(Bahraini anti-government protesters in central Manama, February 16, 2011/Hamad I Mohammed)
The astonishing popular protests against Arab autocrats that have churned the region for three months are the authentic birth pangs of a new Middle East. Israel’s American-backed attempts to bomb Hezbollah and south Lebanon into submission in 2006 did not change the region, as Condoleezza Rice predicted it would. Nor did the U.S.-led invasion of Iraq three years earlier, which former President George W. Bush touted as introducing democracy to the Arab world, have much effect.
The change now is coming from within — and from below. Ordinary people taking to the streets swept away the presidents of Egypt and Tunisia. The leaders of Libya and Yemen are fighting for survival. Arab leaders almost everywhere else are trying to fend off real or potential challenges with a mix of repression and concessions.
“The rulers are running scared, with good reason — the people have terrified them,” said Rashid Khalidi, professor of Arab studies at Columbia University in New York. “The spectre of popular power haunts the dictators and monarchs.”
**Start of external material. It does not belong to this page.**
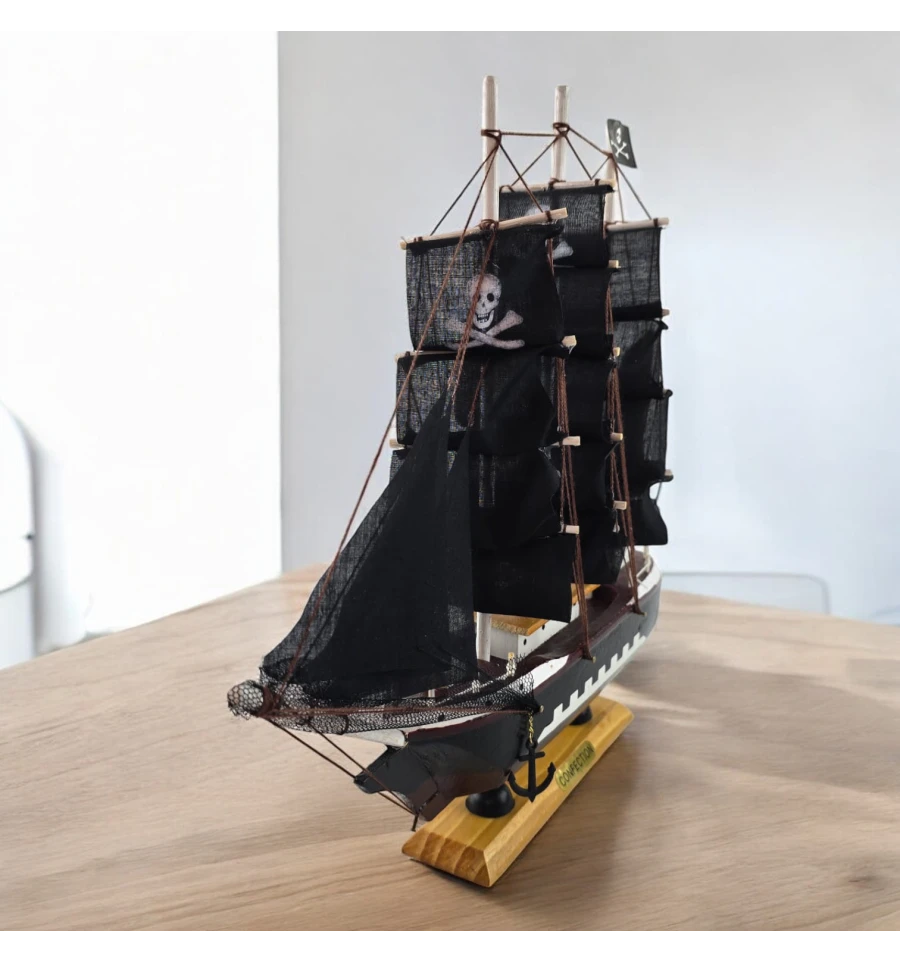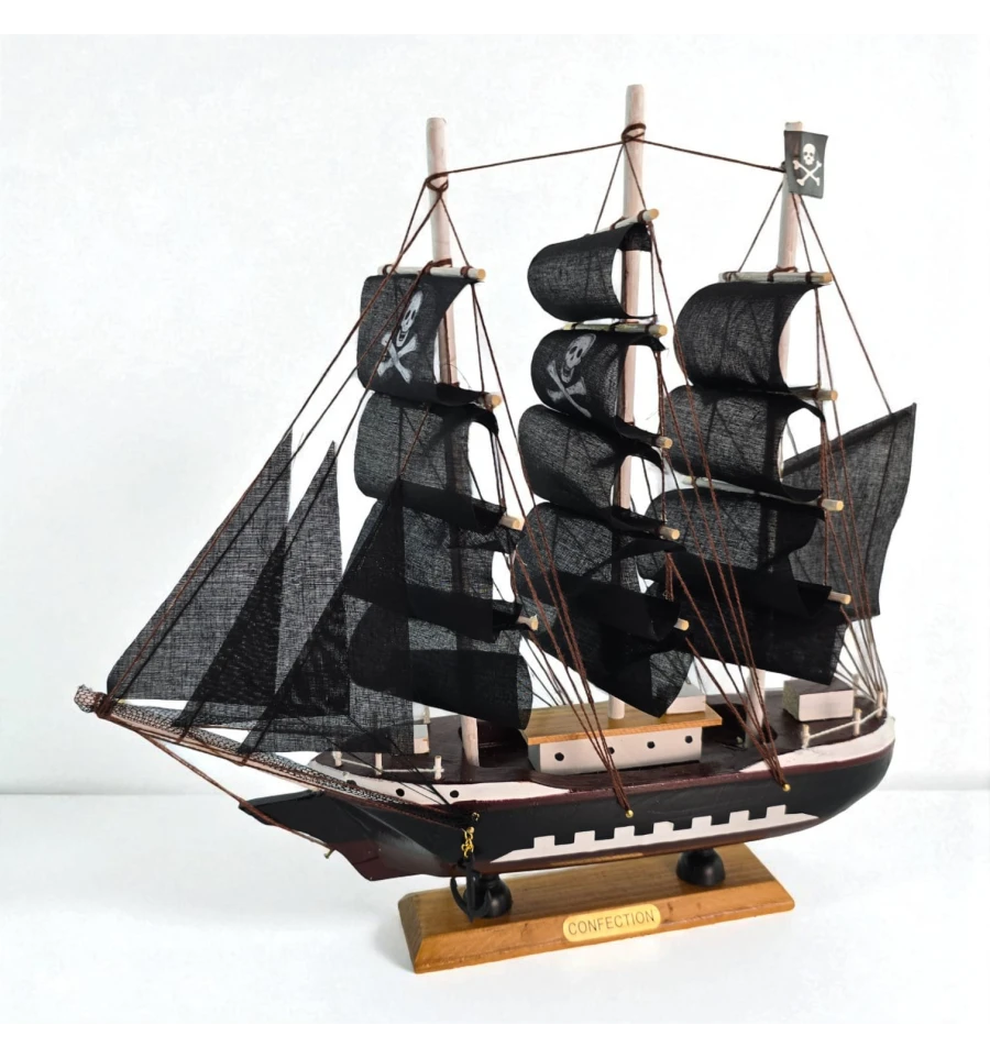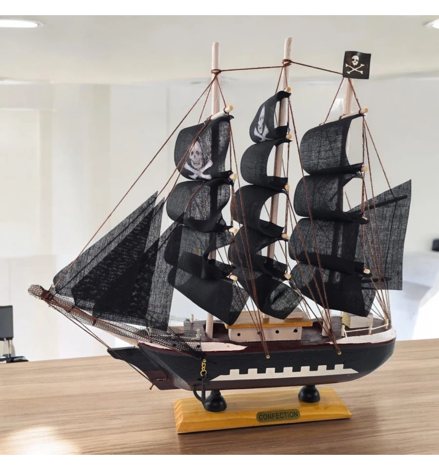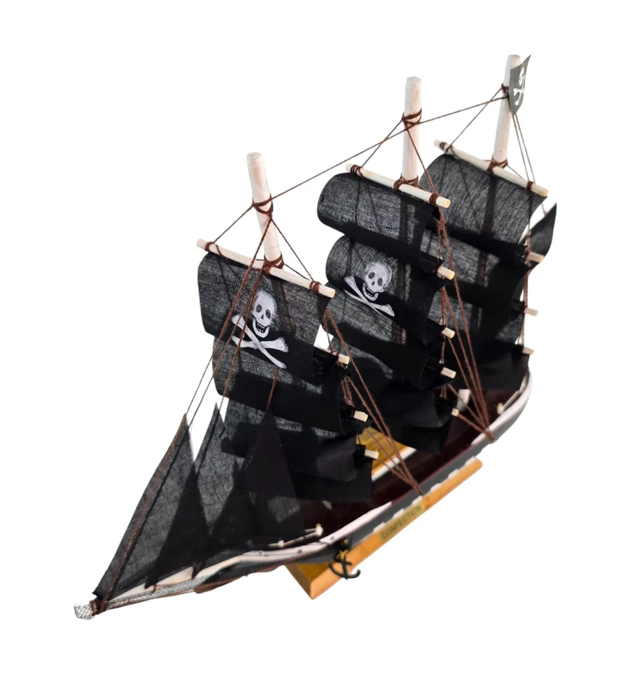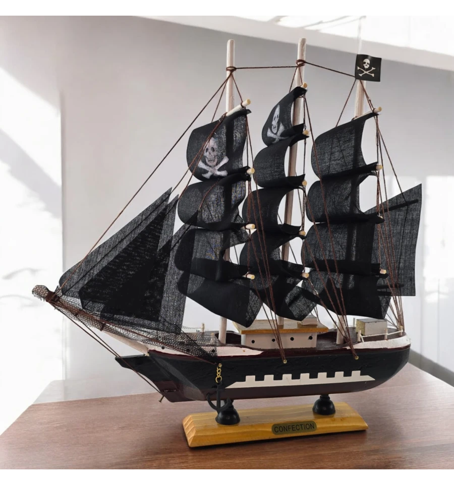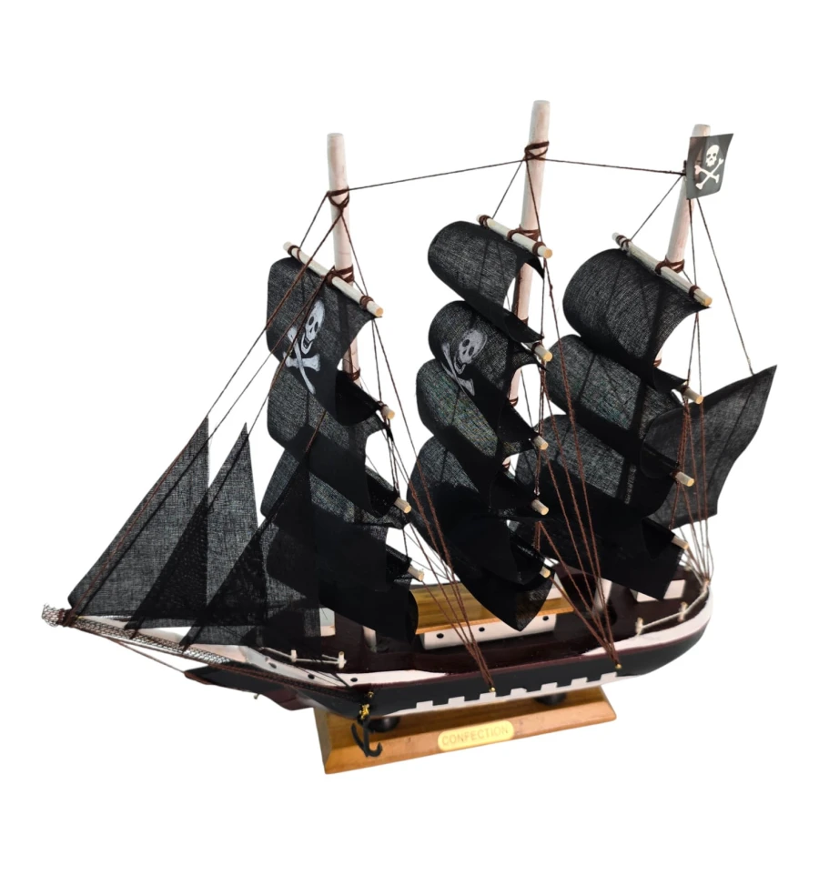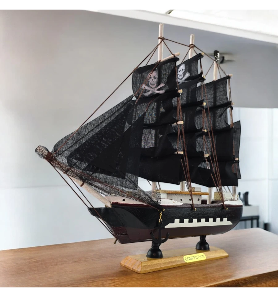 Настольная модель парусника с чёрными «пиратскими» парусами - эффектный акцент для кабинета, гостиной или детской. Корабль выполнен из дерева с тканевыми парусами и установлен на подставке, поэтому его удобно размещать на полке или рабочем столе. Отличный подарок любителям морской тематики, путешествий и истории флота.

The region’s mostly Muslim citizens are at last proving they are no exception to the democratic trends that have transformed eastern Europe, Latin America and much of Africa and Asia in recent decades. The pro-democracy movement will reshape the Arab world as powerfully as the ideologies of Arab nationalism, socialism, communism and political Islam in the last 150 years, argues Paul Salem, director of the Carnegie Endowment’s Middle East Center in Beirut.



(Photo: Egyptian preacher Amr Khaled preaches in Aden November 24, 2010/Khaled Abdullah)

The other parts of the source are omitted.